Aging is accompanied by increase in oxidative modifications of cellular as well as extracellular proteins and these oxidized proteins contribute to pathophysiology of age-related diseases [194], [195]. Oxidized proteins undergo covalent crosslinking such as dityrosine and disulfide formation and result in the accumulation of non-degradable insoluble protein aggregates [196], [197]. Fibrosis is characterized by excessive accumulation of insoluble matrix proteins and crosslinking of matrix proteins can hinder the resolution of fibrosis [198]. Our lab has shown that TGF-β1 induces oxidative dityrosine-dependent cross-linking of matrix proteins in lung fibroblasts [199] and that the levels of protein tyrosine oxidation are significantly elevated in plasma of patients with interstitial lung diseases [200]. It is possible that the non-degradation and progressive accumulation of insoluble oxidized proteins can contribute to persistent fibrosis with aging. Further studies are necessary to understand the precise role of these chemical modifications in age-related fibrosis.

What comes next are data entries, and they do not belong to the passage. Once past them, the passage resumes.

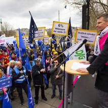 Mehr als 1.000 öffentlich Beschäftigte sind am (12.02.2019) in Stuttgart auf die Straße gegangen, um der Forderung ihrer Gewerkschaft nach deutlichen Einkommensverbesserungen Nachdruck zu verleihen. Zu landesweiten Warnstreiks und der Protestveranstaltung in Stuttgart haben der deutsche und der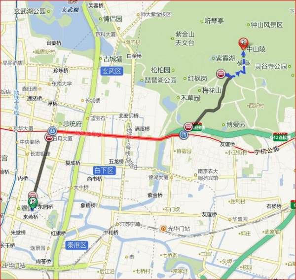 步行344米至明孝陵停车场乘旅游专1号线(经4站|20分钟)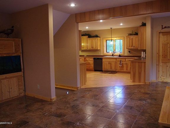 Gorgeous log sided home on an exceptional, completely private 5 acre wooded property just minutes from downtown Bemidji. Home is constructed with insulated concrete forms and has stone and log details throughout. Featuring hardwood maple flooring, hickory cabinets, large front and back entryways, vaulted ceilings with T&G, stone fireplace, wrought iron and log railing details, master suite with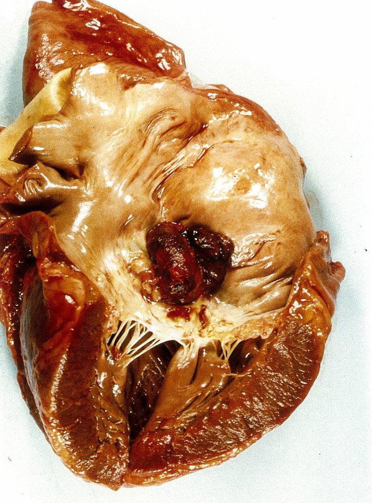 - Symptoms of the underlying disease (e.g., murmurs of mitral stenosis) may be present.

Current studies suggest that the homeostatic balance between oxidants and antioxidants is altered in age-related lung fibrosis and contribute to its pathogenesis. Restoration of redox imbalance using exogenous redox modulatory agents could be an effective therapeutic strategy in age-related lung fibrosis. GSH levels are essential for an optimal antioxidant defense against oxidative stress. N-acetylcysteine (NAC), a precursor of GSH synthesis, is a scavenger of ROS and has been shown to ameliorate fibrosis in various animal models [201], [202]. NAC has been shown to improve redox imbalance in IPF [203]; however, its therapeutic efficacy is variable with most of studies indicating minimal effect [204], [205]. Genetic factors such as specific gene polymorphisms may explain the variable response to NAC therapy in IPF patients, and suggest personalized approaches to more effective treatment of IPF [206]. GKT137831, a specific NOX1/4 inhibitor developed by Genkyotex (Geneva, Switzerland), has been shown to partially reverse persistent fibrosis in aged mice [39]. However, its therapeutic efficacy has not been evaluated in IPF patients. Resveratrol, a plant-derived antioxidant stilbenoid, attenuates oxidative stress and fibrosis in animal models [207], [208], although clinical trials have not been conducted. Similarly, studies of Nrf2 activators for IPF are lacking. Thus, clinical studies of a number of potentially effective redox-modulatory therapies may be anticipated in the near future. In addition to the identification of critical targets and development of safe, selective compounds for clinical testing, personalized approaches to study design are likely to produce the best results.

Conclusion

Normal tissue repair mandates a well-organized temporal execution of reparative functions and interactions between different cell types. Imbalance in redox regulatory mechanisms associated with aging can result from deficient activity of antioxidant mechanisms or elevated generation of ROS. Age-related increases in ROS generation may be related to mitochondrial dysfunction and/or higher expression and activity of NOX enzymes. As highlighted in this review, the redox imbalance with aging can lead to profound alterations in cellular phenotypes and cell-cell interactions that amplify fibrotic responses. Strategies that reinstate redox balance in age-related lung fibrosis may prove to be therapeutically more effective.